Gabriella laughed softly; the sound lifted high on fragrant air, mixing with the scent of flowers and winding itself around him, through him.
“How terribly tragic for her. At least she is beautiful.”
“I suppose,” he said. “Though I don’t think she knows she’s boring.”
“I guess that’s a compensation for the dull.”
“Such a comforting sameness.”
She scuffed her toe through the gravel. “It wouldn’t be so bad.”
“I don’t know about that. I think you would find it excruciating.”
She shifted, and he couldn’t make out her face in the darkness. “Do you think so?”
“Yes. I am completely certain that Samantha does not do genealogy in her spare time.”
“A loss for Samantha, then. But points to you for remembering her name.”
“I was only just speaking to her five minutes ago. I might be shameless, but my shamelessness has its limits.”
“Does it? You were talking to her like you were interested. But you looked...very bored.”
“Did I? Perhaps I was simply looking down Samantha’s dress and that’s what my expression looks like in such situations.”
“Unless you find breasts boring I don’t think that’s the case.”
He laughed. He couldn’t help it. He was shocked by the forthright statement. He felt he should know better than to be shocked by her small moments of honesty at this point. It was another of her contradictions.
She should be mousey. She should be timid. She should be utterly out of her depth with a man such as himself. And yet she handled everything he threw at her with aplomb, and never passed up an opportunity to shock him, which he would have said under any other circumstance was impossible.
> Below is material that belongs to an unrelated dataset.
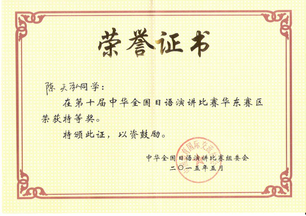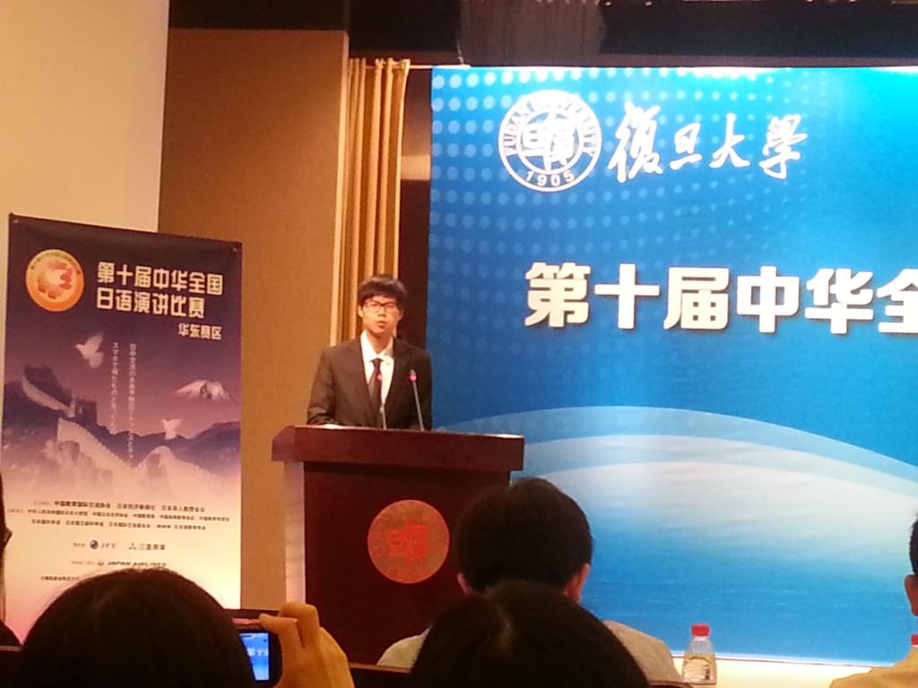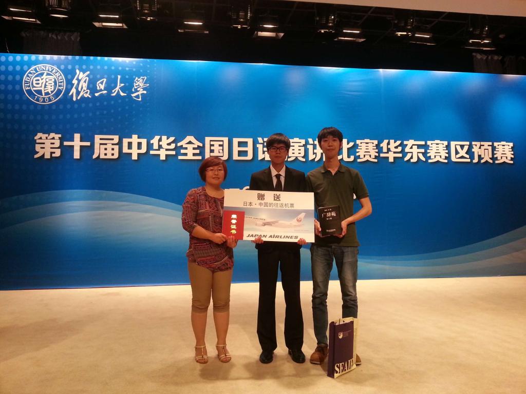 2015年06月13日,第十届中华全国日语演讲比赛华东赛区预赛在复旦大学举行,来自复旦大学、上海交通大学、上海江南在线大学、浙江大学、南京师范大学、南昌大学等华东地区21所高校的参赛选手经过激烈角逐,共有8名同学获得不同奖项。我校2013级日语专业陈天泓同学发挥出色,力克华东地区多位名校的优秀代表选手,最终以优异的成绩获得了特等奖,崔明姬老师也获得了优秀指导教师奖,为我校争得了荣誉。这是日语系学子在该项赛事中取得的第二次特等奖。

“People are the same. Everywhere you go,” he found himself saying as he walked over to the bench where she sat. “May I?”
She nodded slowly. “Sure.”
He took a seat beside her, an expanse of empty stone between them. “These parties are the same.”
“No, they aren’t,” she said. “How can they be? I once went to a gala at the most incredible castle. It was medieval and all the stonework was original. There was a chapel and I left the party to go explore—it was incredible. This place...it’s full of my family history. I’ve studied it in books. But...being here is different. Books can’t prepare you for the reality of something. It can only hint.”
“I suppose to get all that out of a party you have to appreciate art, architecture and history.”
“And you don’t.”
“I was mainly speaking of the people.”
Of women who were looking to attach themselves to a man of wealth and status for short amounts of time. Of men who stood around touting their successes as they grew increasingly red-faced from alcohol and a lack of taking a breath during their listing of accomplishments.
“Yes, well. Places might have to be experienced in person to be fully understood. But books are better than people. In a great many ways.”
“Is that so?”
“Yes. It’s all written out in front of you, and even if you don’t know what’s going to happen...at least it’s all there. Very certain. People aren’t certain.”
“I disagree. People are predictable. They want pleasure. They want to be important, to feel good. They want money, power. There are a limited number of ways they can go about obtaining those things. I find people extremely bland.”
“I guess I just don’t possess the insight you do,” she said, sounding frustrated. “They don’t make much sense to me at all. Those things they call pleasure...the things my parents do...they don’t make them happy, do they?”